## Problem description
Aim for an exact copy of the listing, without any images.

#### Provided material ####

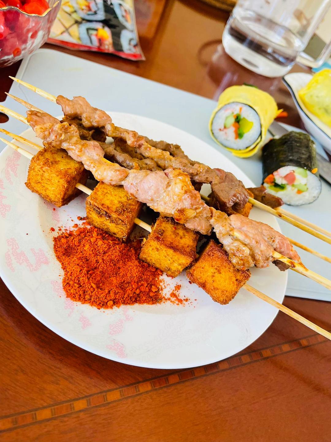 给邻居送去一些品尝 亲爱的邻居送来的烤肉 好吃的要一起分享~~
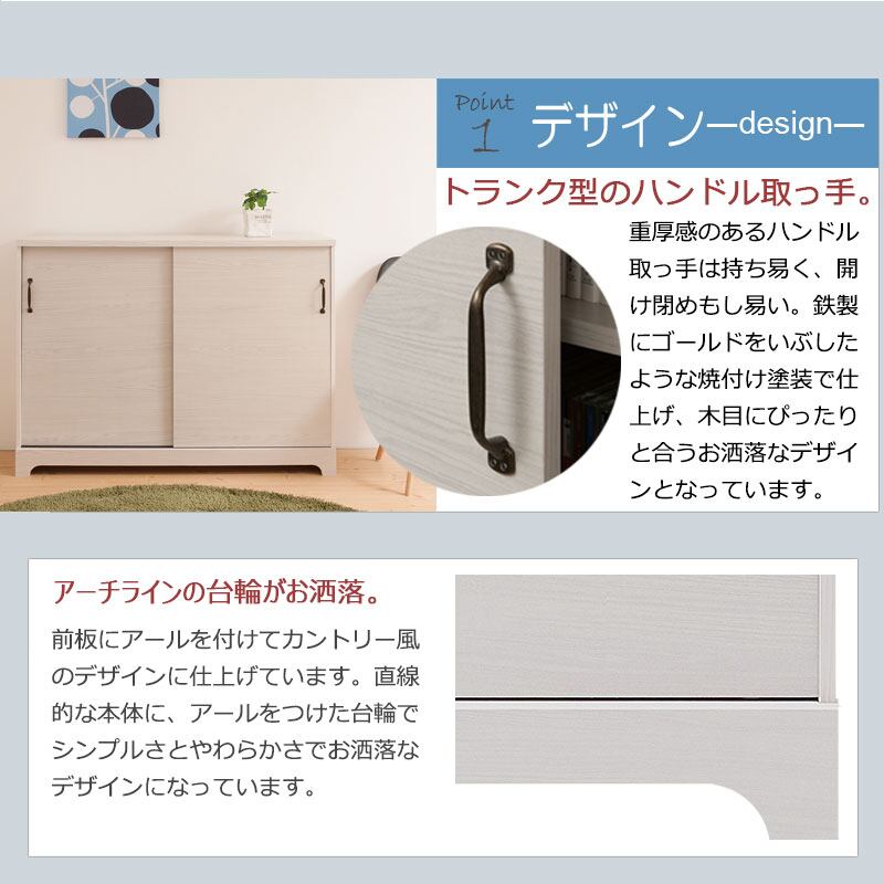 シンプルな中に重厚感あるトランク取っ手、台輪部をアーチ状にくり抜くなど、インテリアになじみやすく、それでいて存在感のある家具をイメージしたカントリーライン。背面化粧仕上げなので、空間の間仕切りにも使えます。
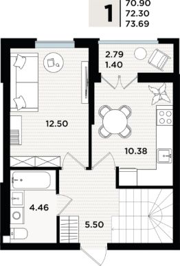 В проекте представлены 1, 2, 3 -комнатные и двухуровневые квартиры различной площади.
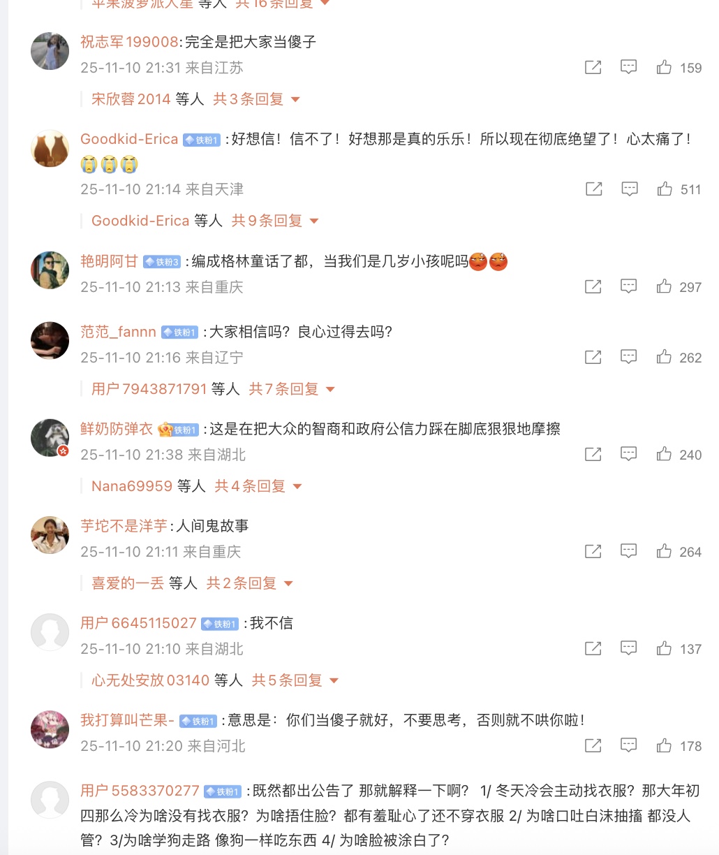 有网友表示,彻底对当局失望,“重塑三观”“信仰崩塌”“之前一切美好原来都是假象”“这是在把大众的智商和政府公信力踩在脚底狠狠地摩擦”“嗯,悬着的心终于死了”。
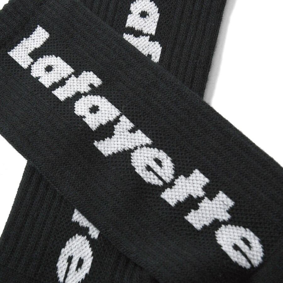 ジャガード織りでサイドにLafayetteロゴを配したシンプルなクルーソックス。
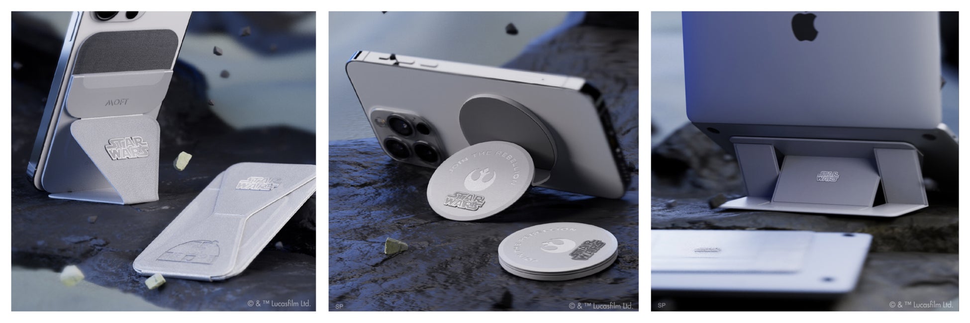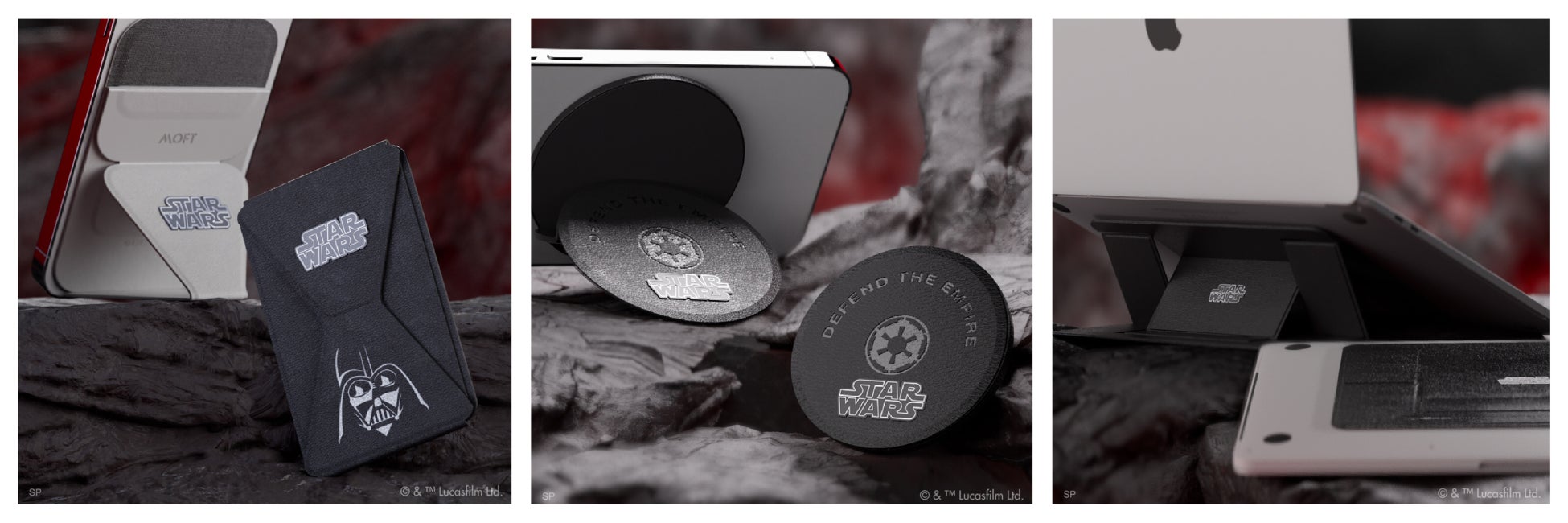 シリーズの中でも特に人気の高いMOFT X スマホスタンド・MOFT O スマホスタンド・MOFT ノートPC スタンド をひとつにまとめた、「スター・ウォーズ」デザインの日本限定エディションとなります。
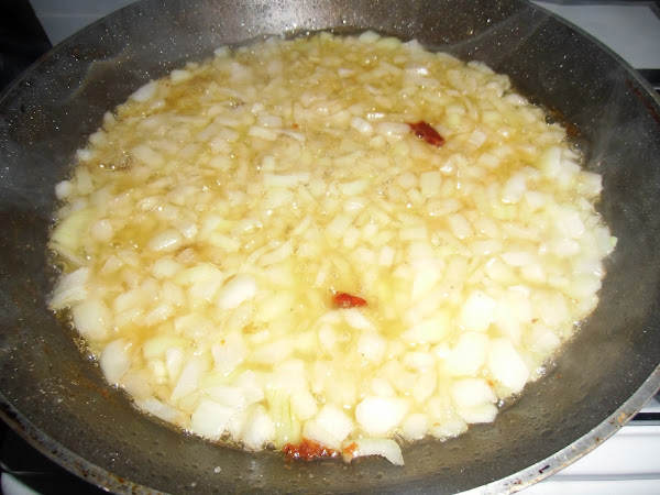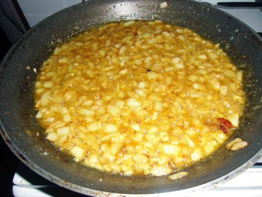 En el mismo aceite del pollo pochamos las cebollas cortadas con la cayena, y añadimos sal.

####

## Response to the task
 给邻居送去一些品尝 亲爱的邻居送来的烤肉 好吃的要一起分享~~
 シンプルな中に重厚感あるトランク取っ手、台輪部をアーチ状にくり抜くなど、インテリアになじみやすく、それでいて存在感のある家具をイメージしたカントリーライン。背面化粧仕上げなので、空間の間仕切りにも使えます。
 В проекте представлены 1, 2, 3 -комнатные и двухуровневые квартиры различной площади.
 有网友表示,彻底对当局失望,“重塑三观”“信仰崩塌”“之前一切美好原来都是假象”“这是在把大众的智商和政府公信力踩在脚底狠狠地摩擦”“嗯,悬着的心终于死了”。
 ジャガード織りでサイドにLafayetteロゴを配したシンプルなクルーソックス。
 シリーズの中でも特に人気の高いMOFT X スマホスタンド・MOFT O スマホスタンド・MOFT ノートPC スタンド をひとつにまとめた、「スター・ウォーズ」デザインの日本限定エディションとなります。
 En el mismo aceite del pollo pochamos las cebollas cortadas con la cayena, y añadimos sal.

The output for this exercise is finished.